Skocz do zawartości

Rekomendowane odpowiedzi

Opublikowano

Tę przegrodę domawiałem oddzielnie, bo nie przyszła razem z piecem.

Z tego co czytałem służy tylko i wyłącznie do ograniczenia wielkości zasypu węglem.

Jak palę na drewnie to ją wyciągam i palę bez. Jak zasypuję węgiel to najpierw sobie ją wkładam. I w zależności od tego jak jest ustawiona można ograniczać wielkość porcji węgla które się pali..

Przegroda betonowa to wlot do palnika. Ty masz przegrodę zmniejszającą komorę zasypową. Szacun dla Ciebie.
Opublikowano

oni nie mówią że nie można tylko że nie trzeba bo ma działać na węglu i na drzewie a jak ją wyciągniesz to albo opał zniknie w trymiga albo będziesz kisił po zamknięciu miarkownika a i też kominem trochę ucieknie tak mniemam i pewnie moc wzrośnie

Zasadniczo można wyjąć tą przegrodę przy paleniu węglem chodzi o to czy ktoś to zaobił i jakie są efekty takiego palenia. Zamierzam kupić taki piec więc mnie interesuje każdy detal i opcja palenia.
Opublikowano

@yachtline

Ta smoła naprawdę wygląda fatalnie.. tam powinien być tylko jasny nalot..

Masz jakiś zawór do ochrony powrotu do kotła?

Opublikowano (edytowane)

Piotr24 wyciągałem tą przegrode przed uruchomieniem pieca,potem smoła nie pozwoli wyjąć jej w całości.Instrukcja zaleca wyjmowanie jej dla palenia drewnem i jak zwracał mi uwage kolega Gredy dotyczy to starszych wersji pieca-palnika.Pozatym łatwo zagotować piec bez tej przegrody i włożyłem ją spowrotem ponieważ ten piec przy ostrym,szybkim rozpalaniu i tak łatwo wchodzi w stan bugotania.Tak więc chyba nie ma sensu eksperymentowac.

Edytowane przez WiktorLeszek
Opublikowano

Tę przegrodę domawiałem oddzielnie, bo nie przyszła razem z piecem.

Z tego co czytałem służy tylko i wyłącznie do ograniczenia wielkości zasypu węglem.

Jak palę na drewnie to ją wyciągam i palę bez.
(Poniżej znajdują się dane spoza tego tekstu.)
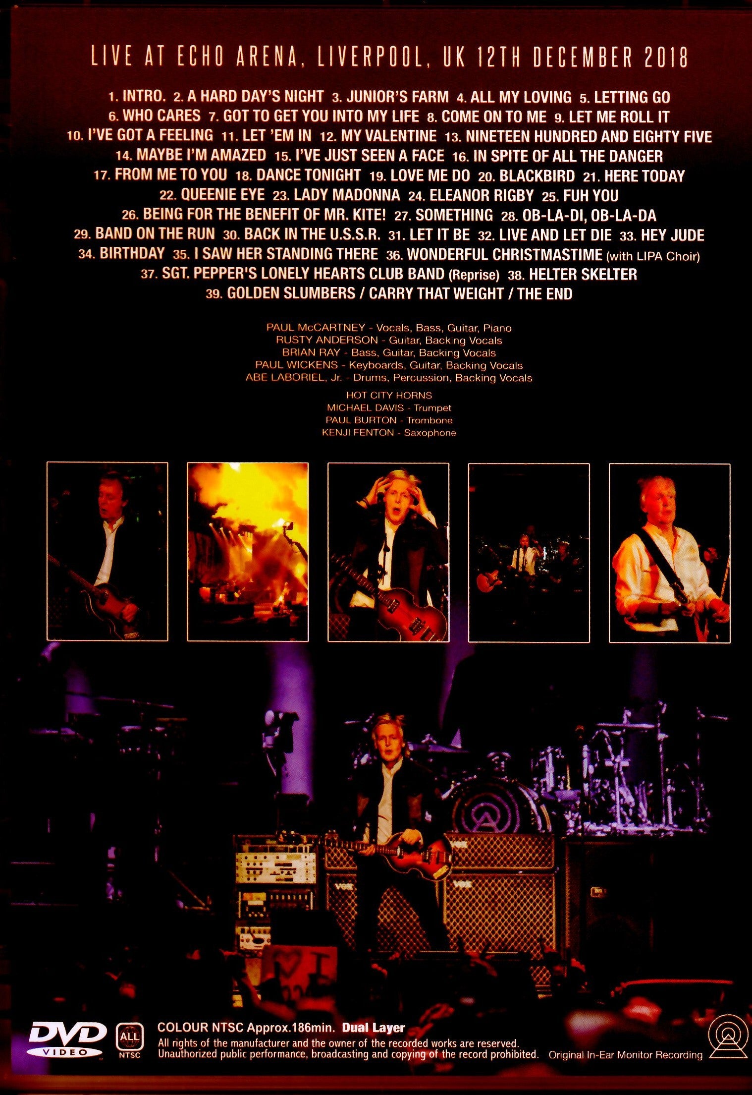 DVD(182:56) 1. Intro 2. A Hard Day's Night 3. Junior's Farm 4. All My Loving 5. Letting Go 6. Who Cares 7. Got to Get You Into My Life 8. Come On to Me 9. Let Me Roll It 10. I've Got a Feeling 11. Let 'Em In 12. My Valentine 13. Nineteen Hundred and Eighty-Five 14. Maybe I'm Amazed 15. I've Just Seen a Face 16. In Spite of All the Danger 17. From Me to You 18. Dance Tonight 19. Love Me Do 20. Blackbird 21. Here Today 22. Queenie Eye 23. Lady Madonna 24. Eleanor Rigby 25. Fuh You 26. Being for the Benefit of Mr. Kite! 27. Something 28. Ob-La-Di, Ob-La-Da 29. Band on the Run 30. Back in the U.S.S.R. 31. Let It Be 32. Live and Let Die 33. Hey Jude 34. Birthday 35. I Saw Her Standing There 36. Wonderful Christmastime (with LIPA Choir) 37. Sgt. Pepper's Lonely Hearts Club Band (Reprise) 38. Helter Skelter 39. Golden Slumbers / Carry That Weight / The End COLOUR NTSC Approx.186min.

Jak zasypuję węgiel to najpierw sobie ją wkładam. I w zależności od tego jak jest ustawiona można ograniczać wielkość porcji węgla które się pali..

mylimy przegrody ja mówię o betonowej pod wymiennikiem a ty o metalowej zmiejszającej palenisko 

Opublikowano

@yachtline

Ta smoła naprawdę wygląda fatalnie.. tam powinien być tylko jasny nalot..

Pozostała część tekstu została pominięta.